Yes, that Geneva Police. Those officers. The same department with whom I’ve gone to war on multiple levels over the years, armed with nothing more than a column, an attitude, and a Constitutionally protected right to call out bullshit when I see it.
And there’s been A LOT of bullshit to call out.
In this dream, I wasn’t just a cop, I was the best on the force. Which, now that I think about it, isn’t really saying very much. I destroyed the field in the physical testing process, literally running rings around the other recruits and current officers. If there was a medal for outpacing mediocrity, I would’ve taken the gold.
In the first act, I diplomatically disarmed an agitated suspect inside the police station. No gunplay, no overreaction, no seven-officers-dogpile-on-a-guy-who-was-already-sitting-down. Just calm conversation and a peaceful resolution. You know! It’s what policing is supposed to look like.
In the second act, I found a distraught woman’s stolen belongings and promptly captured the thief, delivering justice with such unexpected efficiency that even my dream-self was impressed.
But the real kicker? I got along swimmingly with the chief and the rest of the officers. We laughed. We bonded. We worked together like an actual team. It was… disturbingly wholesome.
Now, if you know anything about my long and acrimonious history with the Geneva Police Department, then you know this dream lands somewhere between a Greek tragedy and a twisted episode of The Twilight Zone. I’ve written columns that blistered the paint off city hall. I’ve fought the GPD in public meetings, in court, and in writing, and I’ve won—every single time.
So, the idea that I would don the uniform and wear it well, is so far beyond irony, it might qualify as satire. But this wasn’t a parody. It was a full-blown subconscious drama with character arcs, conflict resolution, and a surprisingly happy, though truly terrifying, ending.
Though come to think of it, there’s the unmistakable stench of an Invasion of the Body Snatchers scenario here. All I can say is I hope they kept the original me in the fridge for safekeeping.”
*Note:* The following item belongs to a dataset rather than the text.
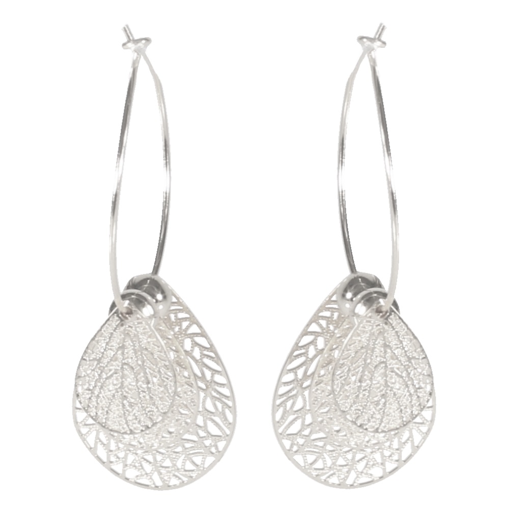 Boucles d'oreilles créoles pendantes feuilles en métal argenté.

Freud might call it the result of an unresolved conflict. Jung would probably say it’s my shadow self trying to reconcile its place in a civil society—like that’ll ever happen. Me? I think it’s just the side effect of editing my Presumed Guilty book far too late at night. That much exposure to the darkest recesses of the human condition will do strange things to a brain—even one as warped as mine.
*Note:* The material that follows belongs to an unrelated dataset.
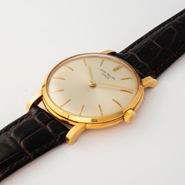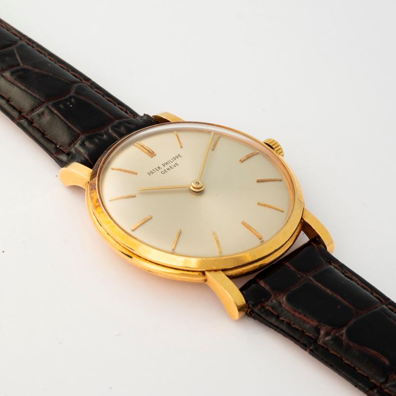 Calatrava in 18k yellow gold with silvered dial and applied indexes, circa 1960

I’m really starting to think that illegal drugs would be the better option.
Still, it does raise an interesting question: what if the Geneva Police actually behaved like the officers in my dream? What if they practiced empathy before escalation? Listened before reacting? Trusted in their community rather than seeing every civilian as a threat or a major inconvenience?
What if I didn’t have to write all the columns I’ve written?
I’ll say this! Dream Jeff Ward might be the best cop Geneva never had. But Real Jeff Ward? If they put me on the force, I’d solve more crimes in a day than the entire department does in an entire year.
All that peace, love, and understanding aside, if I get the chance to legally or journalistically dismantle that department brick by bureaucratic brick until there’s nothing left, I’ll come out of retirement faster than you can say “Trump doesn’t know what the fuck he’s doing.”
Because, in truth, the Geneva Police Department is just another perfect example of incompetence wrapped in laziness, with a healthy dose of misplaced self-importance. But hey! If I ever want to go back to a GPD that works hard, behaves professionally, and gets things done, I can always go back to sleep.